5 years later, still playing the same character as one of the major, if unsung heroes of the alliance. Funny how that worked out.

Well congrats on the long campaign :) I like the back story man it's simple but effective and I think interesting. Interesting characters are really the standard in my opinion and this character could have been a human whose younger sister was eaten alive by a group of alien hired guns in the employ of the Hutts. I think I said it in my other post but I will reiterate that I feel you can have an alien character that is interesting, and you can have human characters who are interesting. I disagree that human characters are by default boring. Also, that part about new players has been my experience across game systems, not just this one. Maybe among other factors it's that a human character is a choice that signals that they want to focus on learning the system without having to play something weird, and maybe those who go right to the weird are not that invested or are just going for the flash. Either way an interesting character is interesting is great regardless of whether or not they make for a weird pic.

I am Forever GM so I don't get to play much and player creation has resulted in two humans, a droid, a bothan, and a Wookiee.

Of the humans, one of them is not an actor, and I've spoken to him about roleplaying games and he loves to play, but he has to have a character that he can put himself into. He's not great at the improv aspect if he can't default to basing the character on himself, which I can respect. The other is a good actor, but is the kind of player that wants to recreate the movie moments more than he wants to develop his own story. Thus, his human is the daughter of a clone deserter born on Mandalor but raised on Corellia who has rebel sympathies and became a smuggler. We give him a lot of grief because he is a painfully predictable player, but we all still have fun.

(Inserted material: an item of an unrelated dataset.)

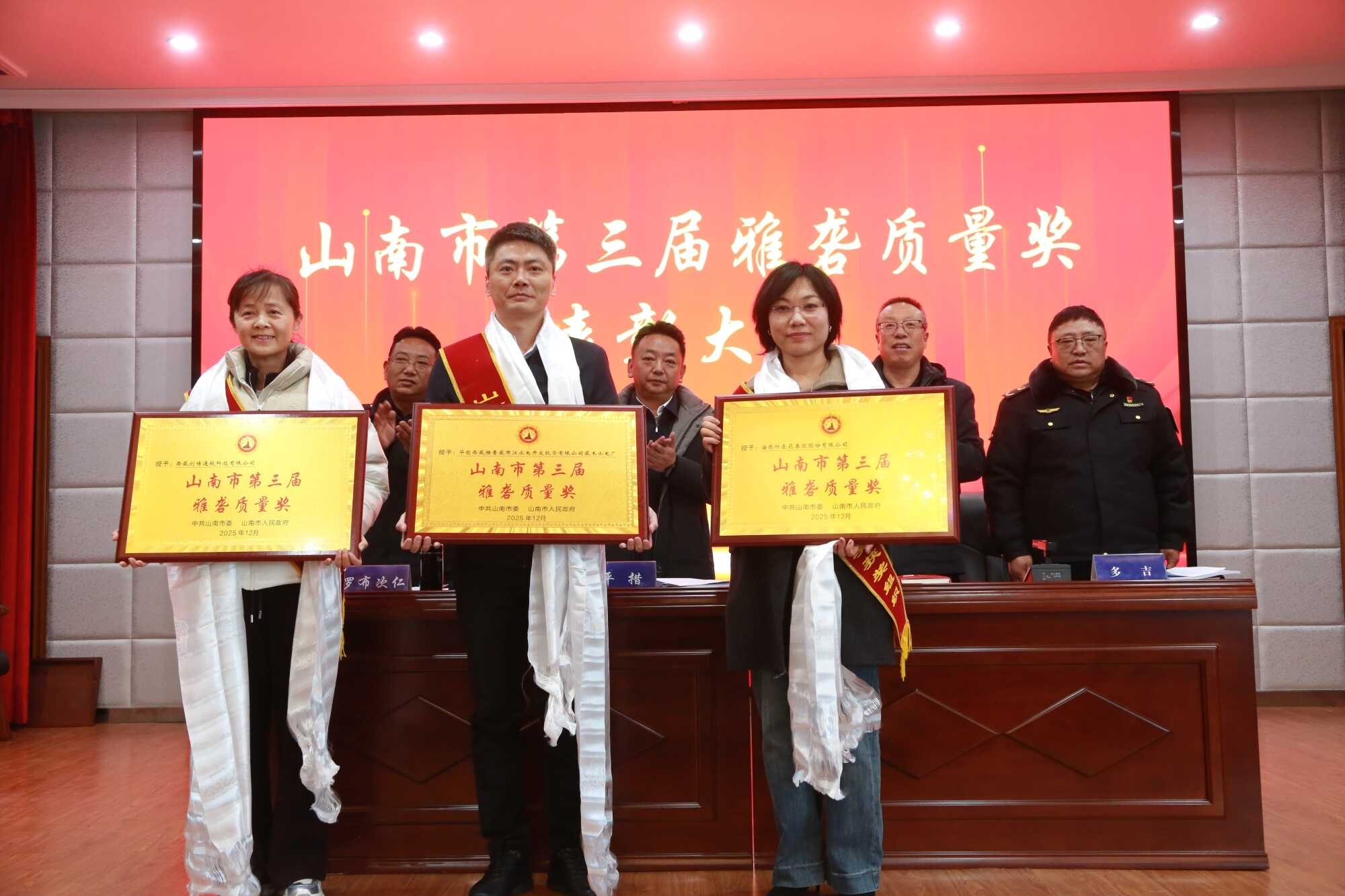 2月9日,我市召开第三届雅砻质量奖表彰大会,向荣获第三届雅砻质量奖的华能西藏雅鲁藏布江水电开发投资有限公司藏木水电厂、海思科医药集团股份有限公司和西藏创博通航科技有限公司三家企业颁发荣誉证书。

I personally like playing aliens because I have to play a badly rolled human every day, I don't want to play a badly rolled human in the game too.

41 minutes ago, evo454 said:

I am Forever GM so I don't get to play much and player creation has resulted in two humans, a droid, a bothan, and a Wookiee.

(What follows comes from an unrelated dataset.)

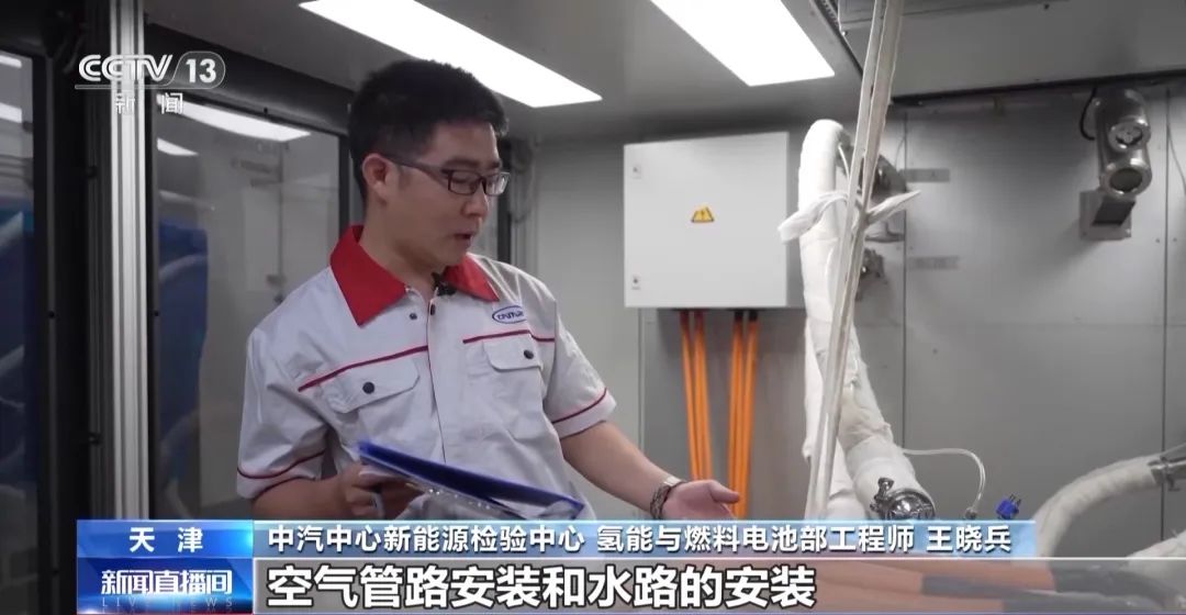 中汽中心新能源檢驗(yàn)中心氫能與燃料電池部工程師 王曉兵:在測(cè)試之前我們基本都會(huì)對(duì)樣品進(jìn)行燃料電池的氣密性的檢測(cè),保證氫氣不會(huì)泄漏,包括整個(gè)氫氣管路的安裝、空氣管路安裝和水路的安裝,以及電子負(fù)載的負(fù)載線安裝,必須確保每一個(gè)連接步驟的安全性。

Of the humans, one of them is not an actor, and I've spoken to him about roleplaying games and he loves to play, but he has to have a character that he can put himself into. He's not great at the improv aspect if he can't default to basing the character on himself, which I can respect. The other is a good actor, but is the kind of player that wants to recreate the movie moments more than he wants to develop his own story. Thus, his human is the daughter of a clone deserter born on Mandalor but raised on Corellia who has rebel sympathies and became a smuggler. We give him a lot of grief because he is a painfully predictable player, but we all still have fun.

I personally like playing aliens because I have to play a badly rolled human every day, I don't want to play a badly rolled human in the game too.

I enjoyed reading this, I think it's a good look at a group. I think that the "I'm a human so I don't want to play a human" thing doesn't really hold water because while you may find yourself to be boring, there are indeed interesting people. It's a basic task of storytelling to make interesting characters and that is a task that is not dependent upon those characters not being human. It's not mutually exclusive though, I am not saying there are no interesting alien PCs, but my argument is that humans are not inherently boring. The player who makes a boring character perceives it as being more interesting by then tacking on an alien head, but the character is still bland.

The alien thing is no armor against being boring. So many times I have had potted-plant players with a weird character who contributed literally nothing to the game beyond dice rolls and making the PC Group class photo look diverse. Also I have had some characters play out romantic relationships with other characters (PC and NPC) in game, and never once did I say "man this romance would be so much better if they were bugs or cephalopods."

Edited by Archlyte

I wonder how much the era of play impacts the decision to play non-humans. Do you think that in a twilight of the Republic game (set near Episode I) non-human characters are more likely to be selected?